The American Civil Liberties Union, which immediately filed a lawsuit against the new, broader religious exemption, supported RFRA. Later the ACLU, whose Oregon chapter helped represent Smith and Black, successfully argued that RFRA required religious exceptions to the federal ban on the psychedelic dimethyltryptamine and the U.S. Army’s dress and grooming rules.
More recently, however, the ACLU has soured on RFRA, which it describes as “a sword to discriminate against women, gay and transgender people, and others.” The organization’s birth control lawsuit, which argues that the new rules “give employers license to discriminate against women,” does not even mention RFRA. When it comes to religious liberty, it seems, the ACLU draws the line at beliefs that offend progressive sensibilities.
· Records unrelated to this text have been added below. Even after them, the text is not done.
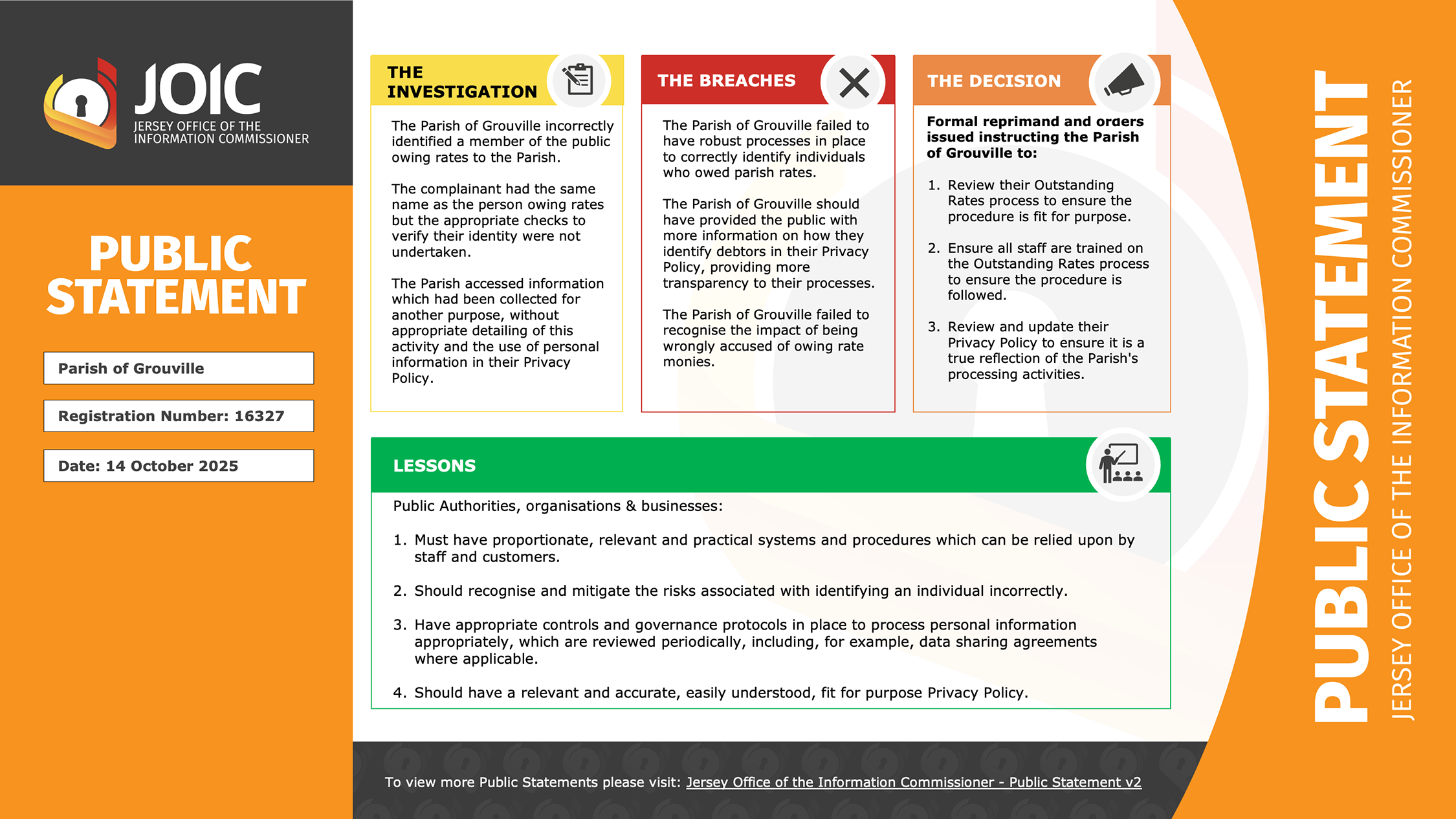 Parish of Grouville 14 October 2025 Click here to read the lessons learned Click here to view a copy of the Public Statement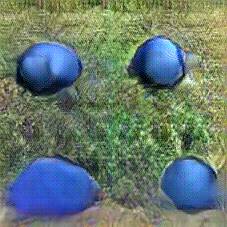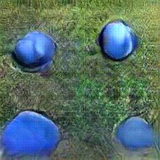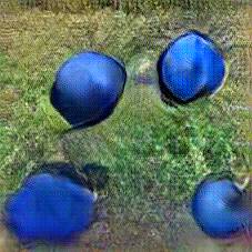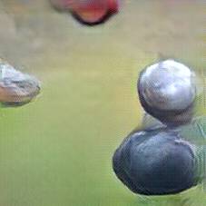 Below are 40 iterations of showing how the neural model learned to represent this class. The visualizations below show the maximally activated representations of what makes Petanque look like Petanque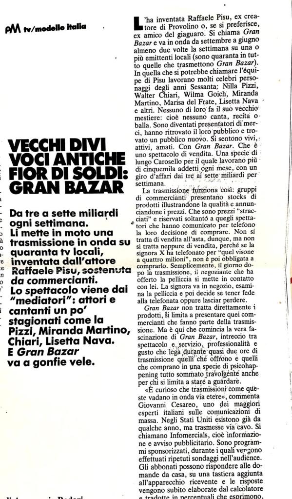 Fonti: “Guida Tv” ed “Il Resto del Carlino”.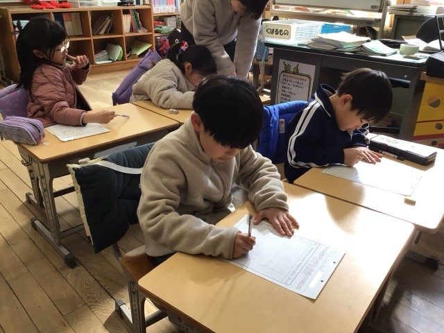 生活科で「できるようになったこと がんばったこと」をプリントに書き出し、ご褒美シールを貼っていました。それぞれに書く内容は違いますが、今は時期的に卒業式の練習に取り組んでいるので、そのことを書いている子もいました。改めて1年間を振り返るとみんなできるようになったことがいっぱいありました。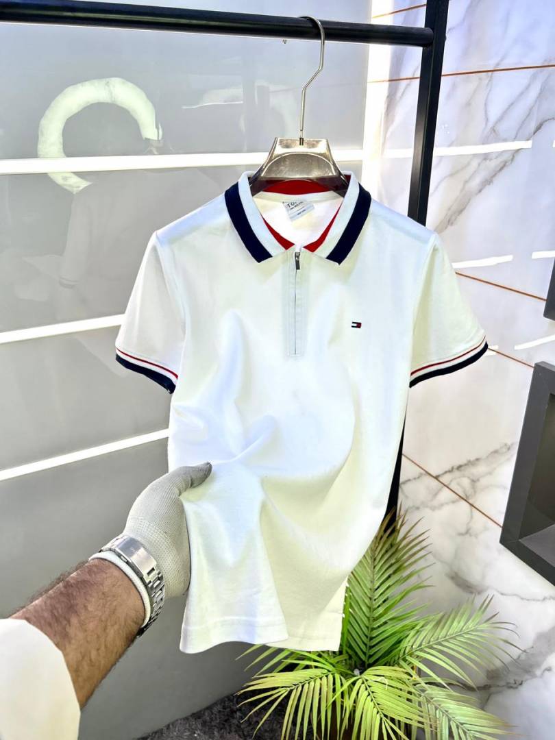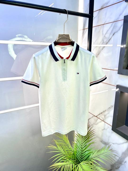 Tommy_Hilfiger White Zipper Polo Premium Collar Neck T-shirt F2820-WH

The ACLU claims the new birth control regulations let businesses, nonprofit organizations and universities “impose their religious beliefs on their employees and students.” New York Times columnist Gail Collins likewise thinks beneficiaries of the exemption “are trying to impose their own personal theology on Americans who don’t share it.”
Contrary to these formulations, employers who do not want to be complicit in what they believe to be sin are not trying to impose anything on anyone. They are trying to avoid the government’s imposition of a legal obligation that violates their religious beliefs.
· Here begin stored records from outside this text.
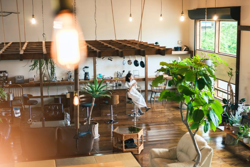 天井や壁をコンクリート打ちっぱなしの内装で仕上げ、キレイにまとめすぎずに建物の構造を感じられるようにすると良いでしょう。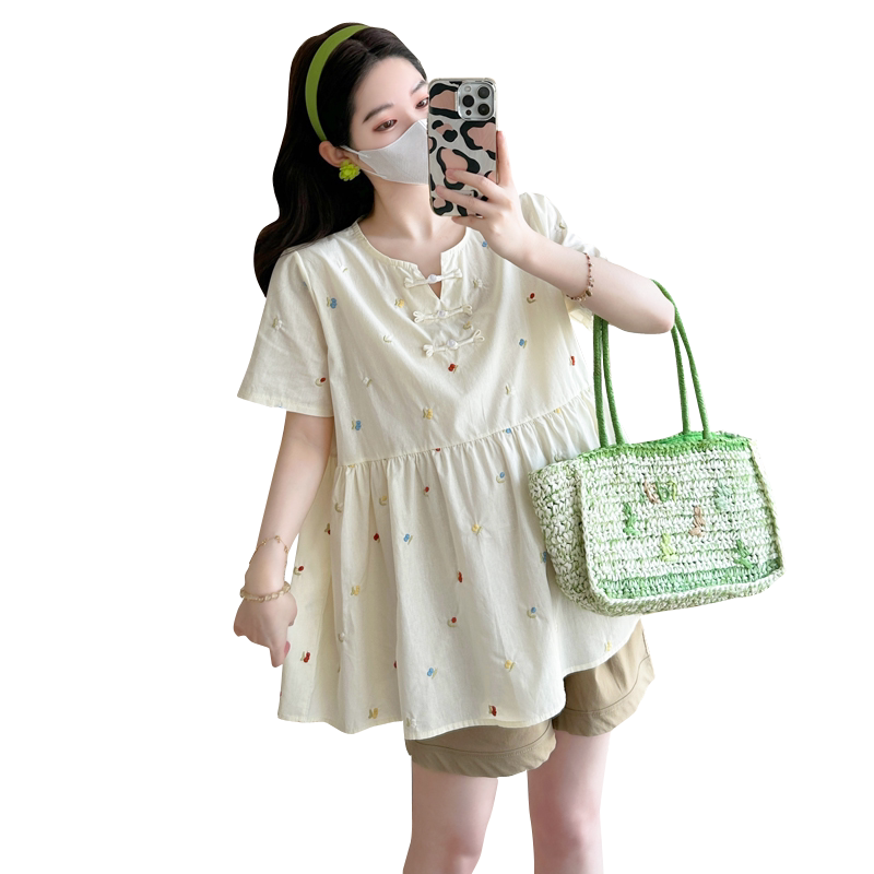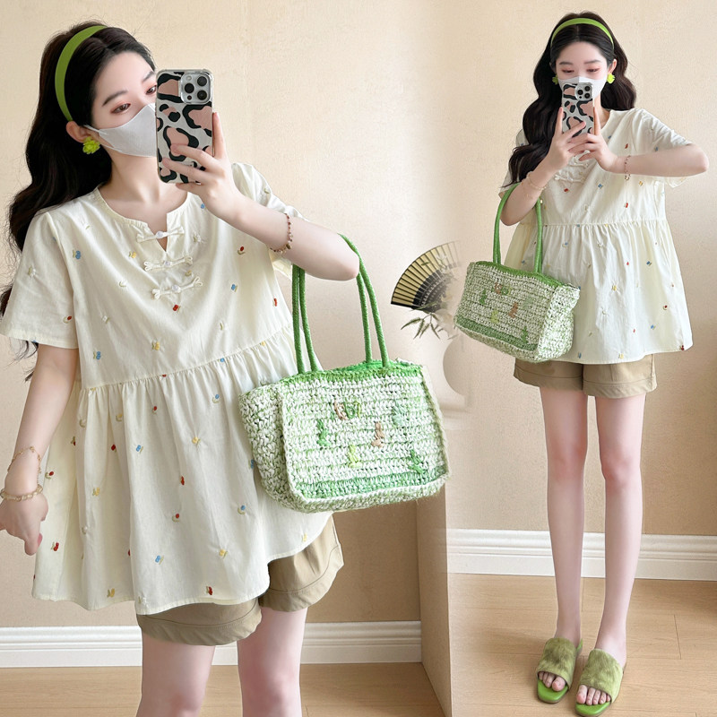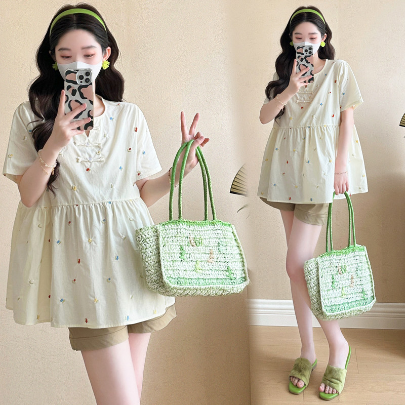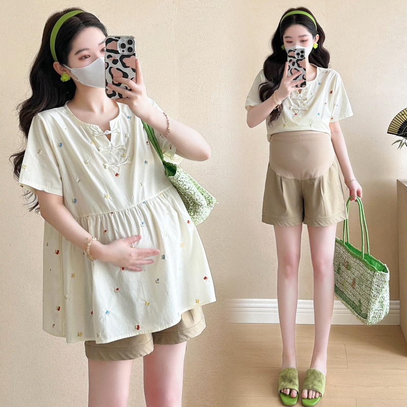 婧麒孕妇上衣套装2026春装新款短袖复古风宽松甜美遮孕肚时尚短裤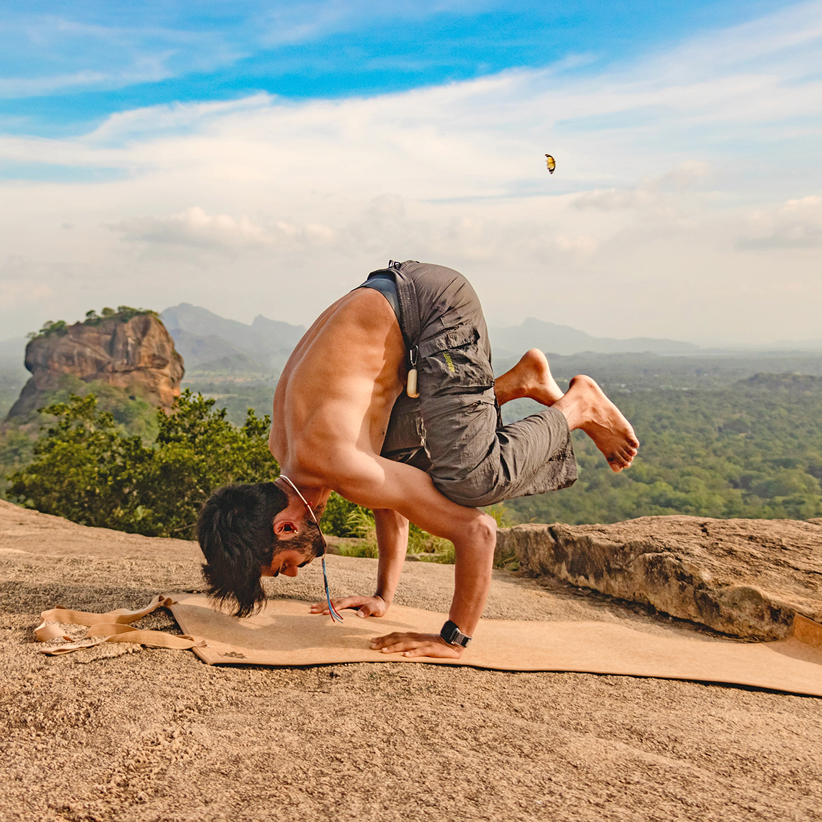 Ročno dokončane joga podloge iz plute in naravnega kavčuka, ustvarjene v Rišikešu in izbrane za vas na poti Dobre energije.

It is hard to see how that imposition can be justified as the least restrictive means of serving a compelling state interest, as RFRA requires. In fact, the Supreme Court already has ruled that it can’t, at least with respect to “closely held” private businesses.
Still, Scalia had a point: The government cannot and should not accommodate every religious belief. A sincere belief in the religious necessity of human sacrifice, to use a hoary example, does not require an exception to the definition of murder.
Beyond such easy cases, the justifiable limits to religious freedom are hazier. Pretending that a six-year-old regulation created a fundamental, irrevocable right to free birth control does not get us any closer to figuring them out.